• **What you have to do**
Print all of the data below exactly as it appears, leaving out every image.

• **Available data**
════════════════════
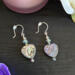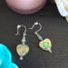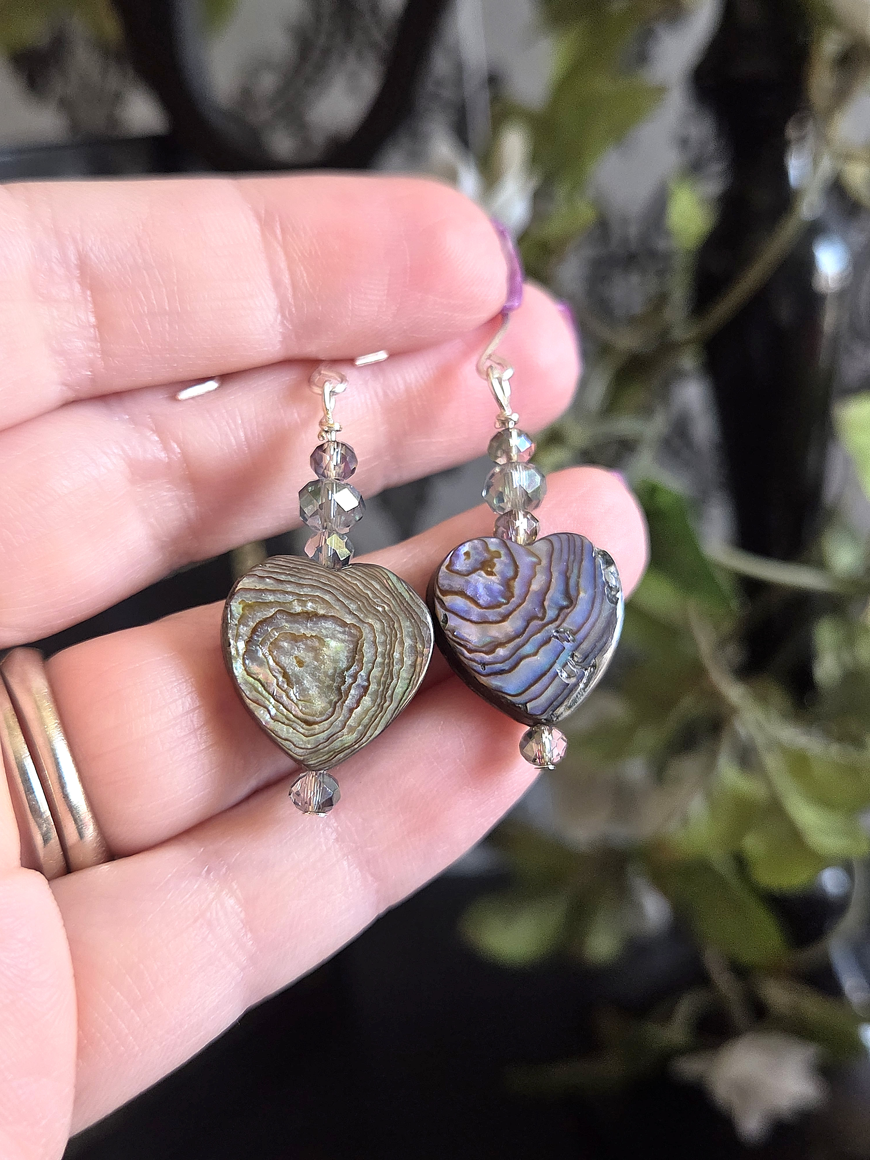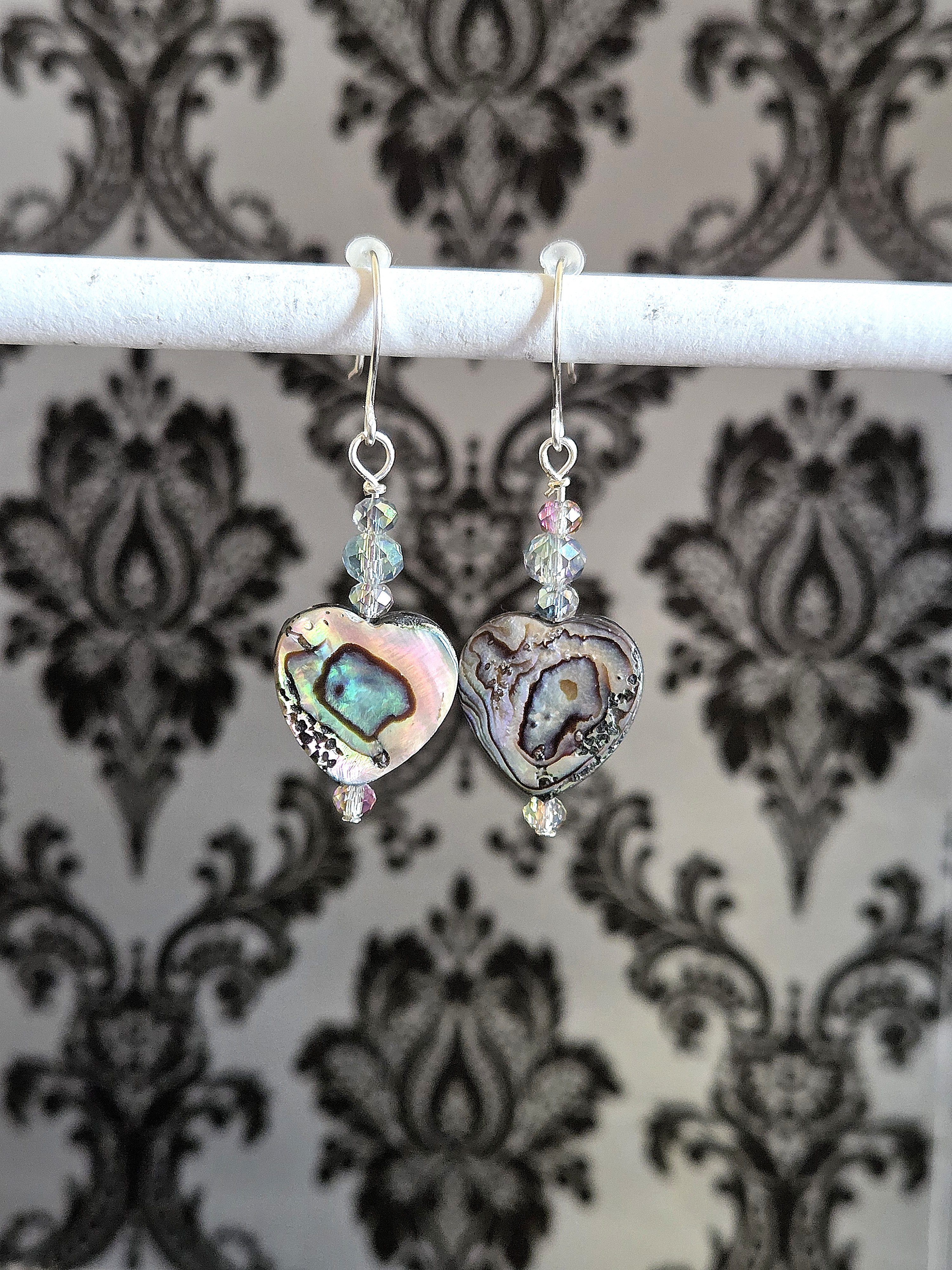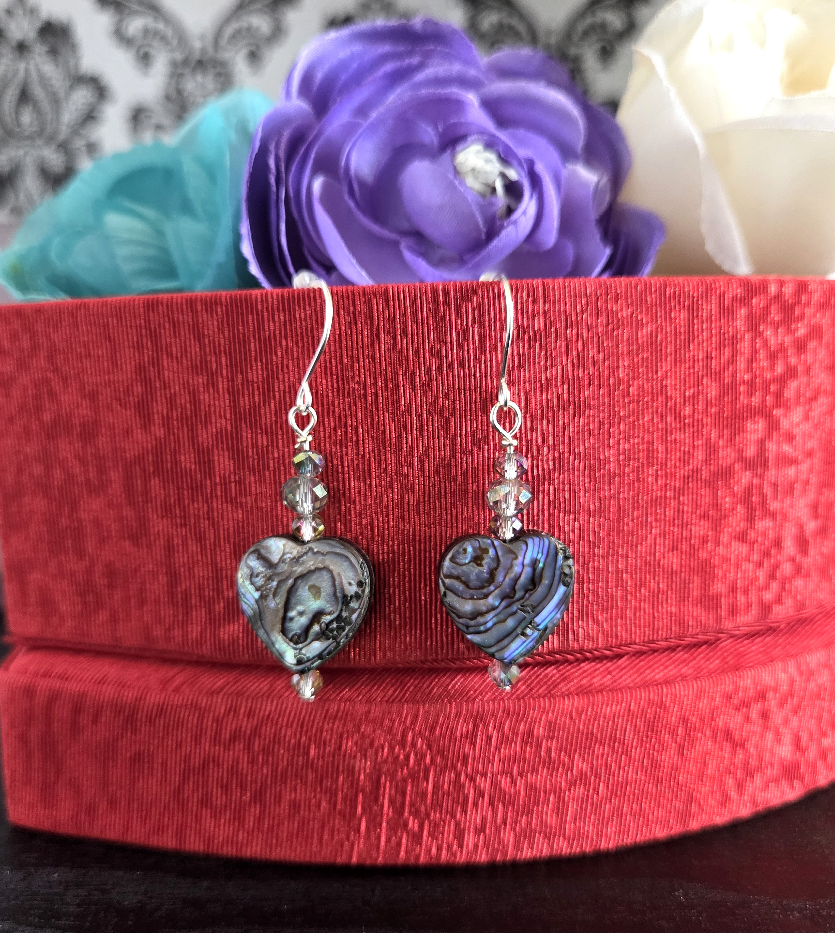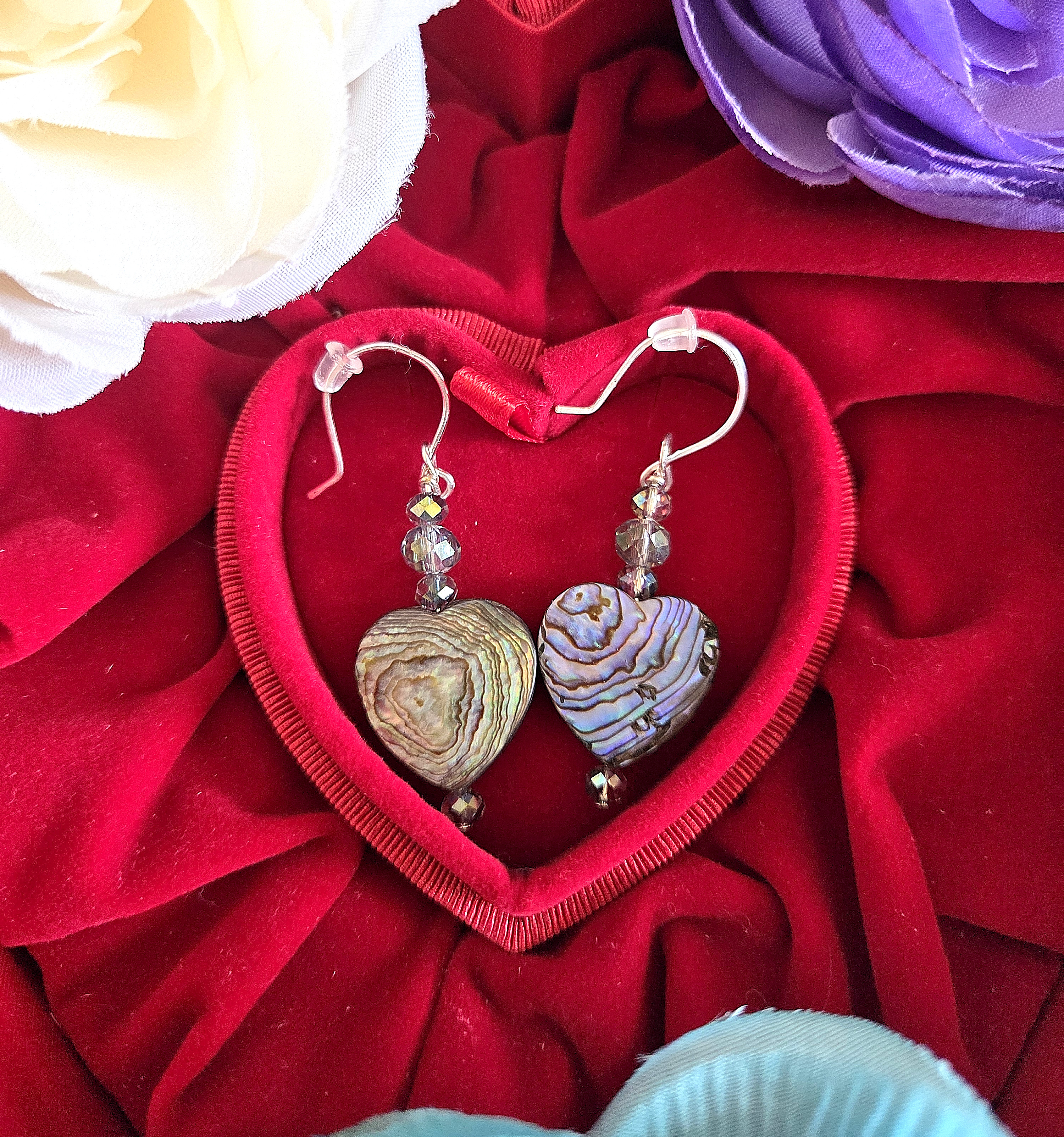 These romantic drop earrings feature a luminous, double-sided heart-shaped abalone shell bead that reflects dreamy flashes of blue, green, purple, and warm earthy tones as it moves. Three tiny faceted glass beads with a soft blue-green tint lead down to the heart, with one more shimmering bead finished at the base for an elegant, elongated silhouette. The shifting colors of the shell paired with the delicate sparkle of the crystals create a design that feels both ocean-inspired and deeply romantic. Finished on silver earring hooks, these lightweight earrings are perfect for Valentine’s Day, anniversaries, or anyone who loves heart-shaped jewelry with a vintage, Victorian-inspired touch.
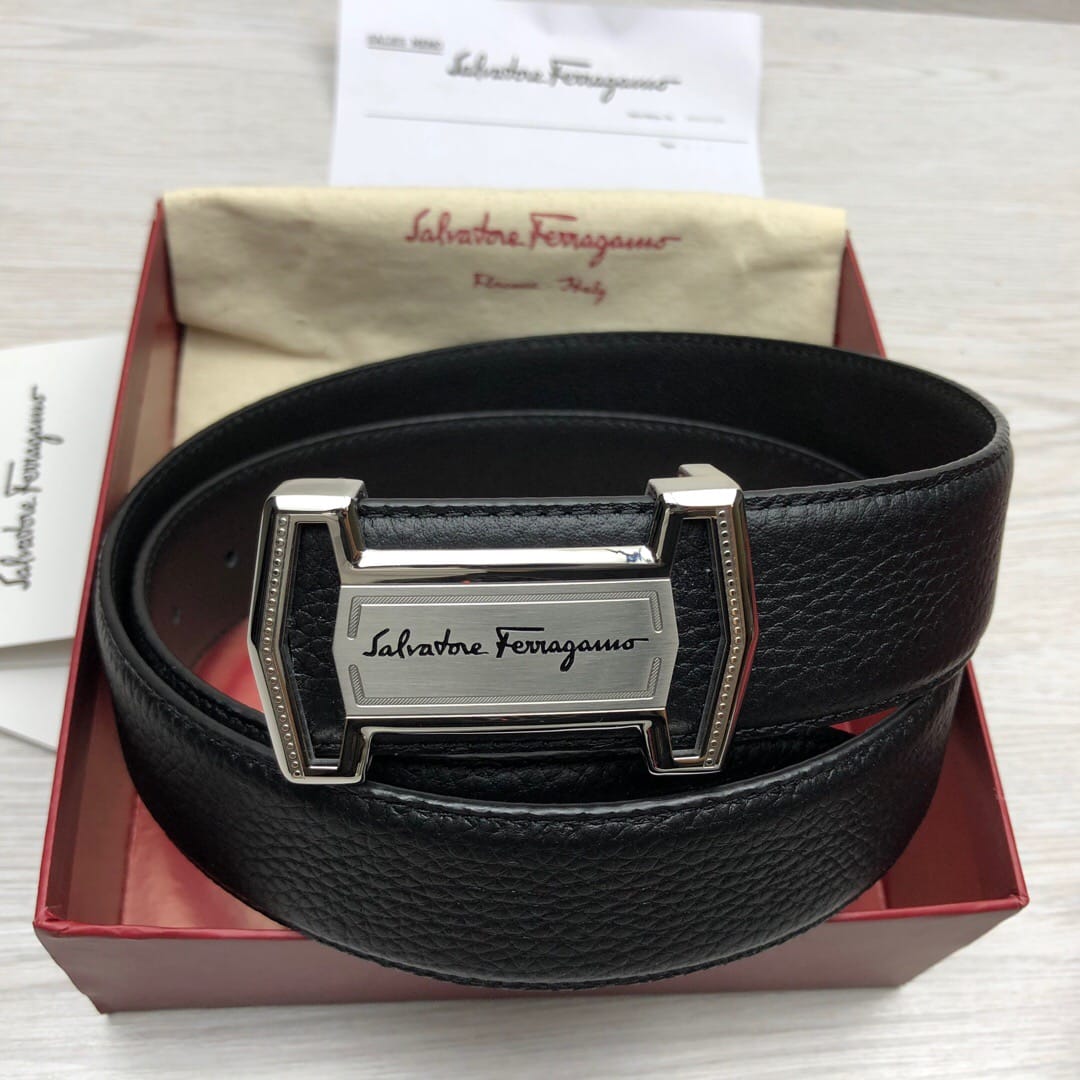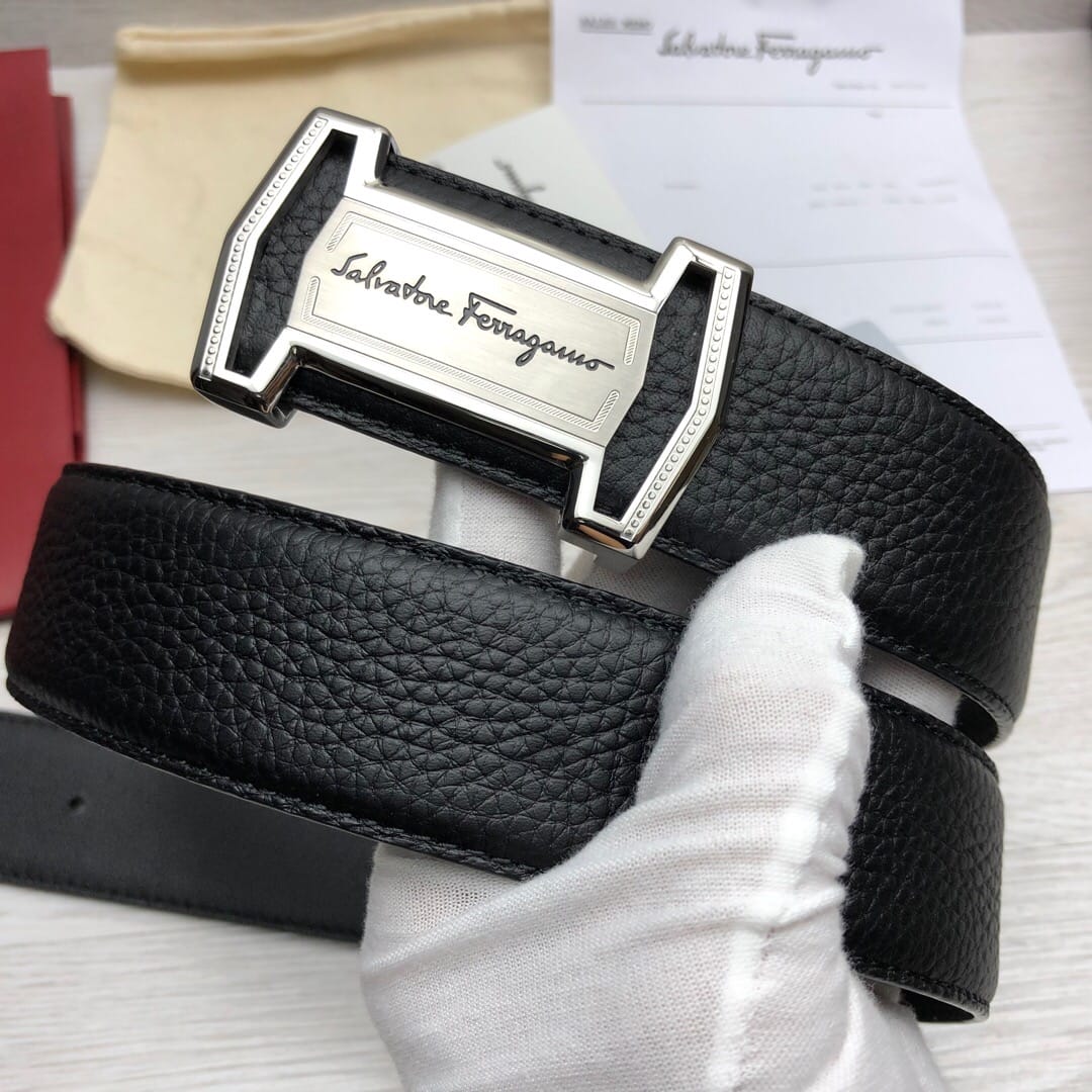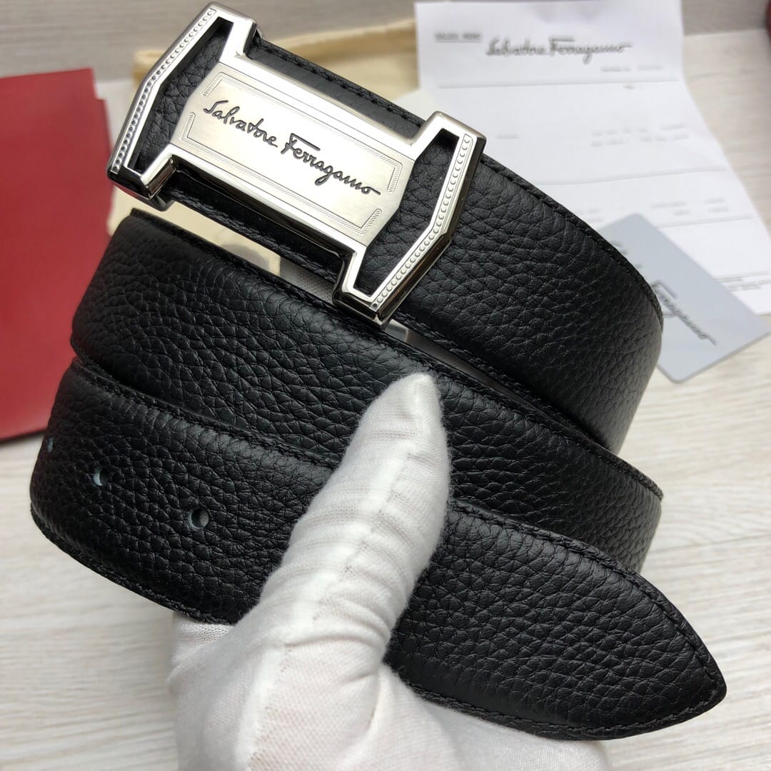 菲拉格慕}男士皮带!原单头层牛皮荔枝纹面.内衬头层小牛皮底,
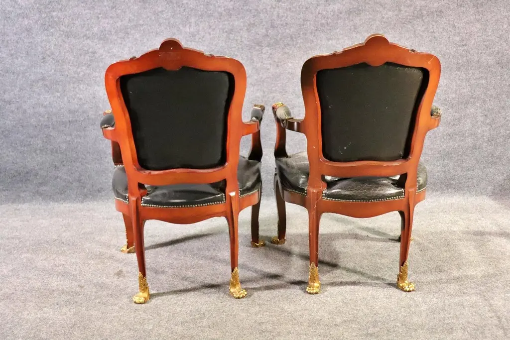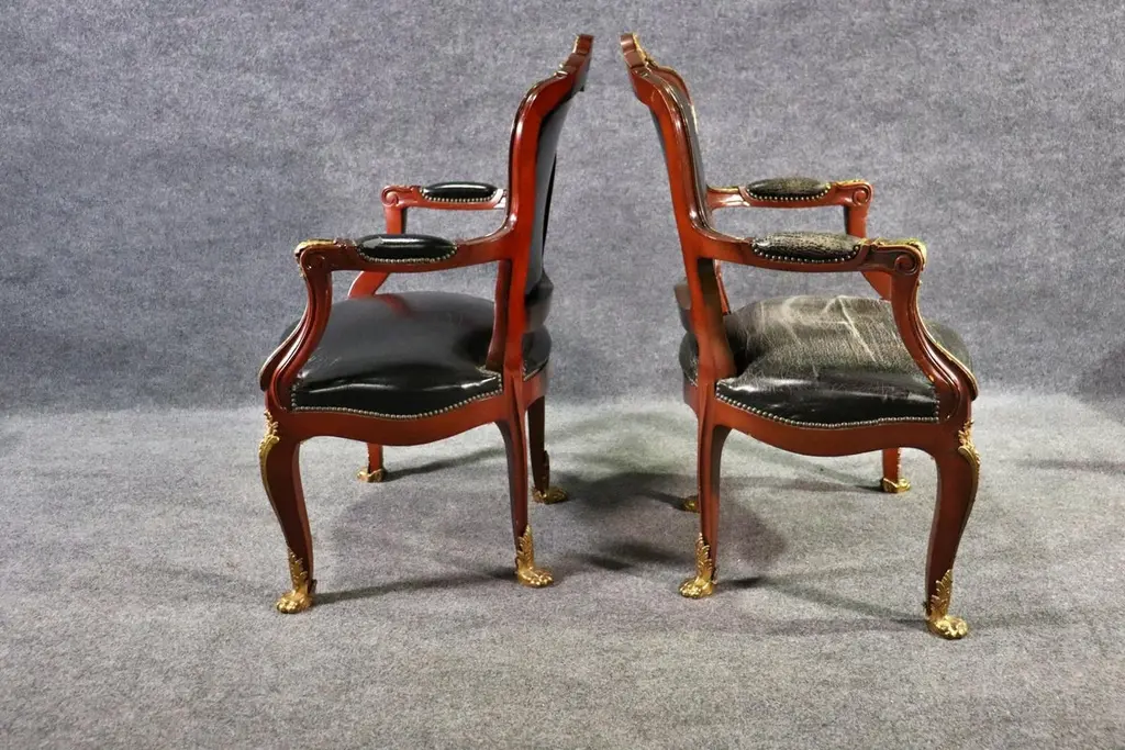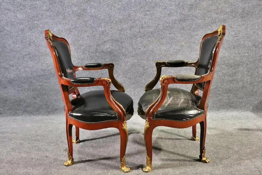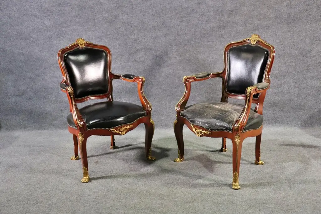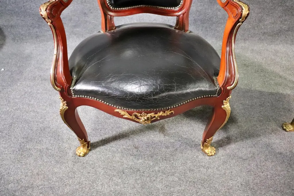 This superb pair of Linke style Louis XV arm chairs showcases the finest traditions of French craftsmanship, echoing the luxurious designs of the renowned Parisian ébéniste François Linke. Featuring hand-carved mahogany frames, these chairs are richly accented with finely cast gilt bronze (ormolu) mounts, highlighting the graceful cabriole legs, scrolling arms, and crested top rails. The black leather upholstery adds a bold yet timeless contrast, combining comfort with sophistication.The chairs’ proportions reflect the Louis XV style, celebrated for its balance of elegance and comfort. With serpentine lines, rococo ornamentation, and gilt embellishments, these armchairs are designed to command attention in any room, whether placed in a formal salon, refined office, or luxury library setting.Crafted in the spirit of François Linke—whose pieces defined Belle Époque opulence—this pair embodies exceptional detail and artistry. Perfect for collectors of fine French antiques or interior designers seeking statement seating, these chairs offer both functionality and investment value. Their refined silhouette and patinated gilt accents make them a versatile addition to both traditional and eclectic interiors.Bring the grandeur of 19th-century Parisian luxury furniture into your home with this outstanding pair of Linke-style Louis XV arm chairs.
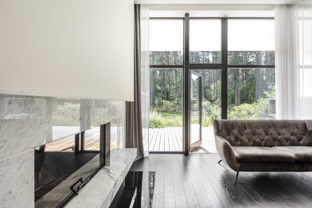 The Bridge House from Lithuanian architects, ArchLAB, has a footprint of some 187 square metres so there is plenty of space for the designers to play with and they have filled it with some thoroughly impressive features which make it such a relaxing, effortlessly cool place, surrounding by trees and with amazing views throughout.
════════════════════
• **Task response**
 These romantic drop earrings feature a luminous, double-sided heart-shaped abalone shell bead that reflects dreamy flashes of blue, green, purple, and warm earthy tones as it moves. Three tiny faceted glass beads with a soft blue-green tint lead down to the heart, with one more shimmering bead finished at the base for an elegant, elongated silhouette. The shifting colors of the shell paired with the delicate sparkle of the crystals create a design that feels both ocean-inspired and deeply romantic. Finished on silver earring hooks, these lightweight earrings are perfect for Valentine’s Day, anniversaries, or anyone who loves heart-shaped jewelry with a vintage, Victorian-inspired touch.
 菲拉格慕}男士皮带!原单头层牛皮荔枝纹面.内衬头层小牛皮底,
 This superb pair of Linke style Louis XV arm chairs showcases the finest traditions of French craftsmanship, echoing the luxurious designs of the renowned Parisian ébéniste François Linke. Featuring hand-carved mahogany frames, these chairs are richly accented with finely cast gilt bronze (ormolu) mounts, highlighting the graceful cabriole legs, scrolling arms, and crested top rails. The black leather upholstery adds a bold yet timeless contrast, combining comfort with sophistication.The chairs’ proportions reflect the Louis XV style, celebrated for its balance of elegance and comfort. With serpentine lines, rococo ornamentation, and gilt embellishments, these armchairs are designed to command attention in any room, whether placed in a formal salon, refined office, or luxury library setting.Crafted in the spirit of François Linke—whose pieces defined Belle Époque opulence—this pair embodies exceptional detail and artistry. Perfect for collectors of fine French antiques or interior designers seeking statement seating, these chairs offer both functionality and investment value. Their refined silhouette and patinated gilt accents make them a versatile addition to both traditional and eclectic interiors.Bring the grandeur of 19th-century Parisian luxury furniture into your home with this outstanding pair of Linke-style Louis XV arm chairs.
 The Bridge House from Lithuanian architects, ArchLAB, has a footprint of some 187 square metres so there is plenty of space for the designers to play with and they have filled it with some thoroughly impressive features which make it such a relaxing, effortlessly cool place, surrounding by trees and with amazing views throughout.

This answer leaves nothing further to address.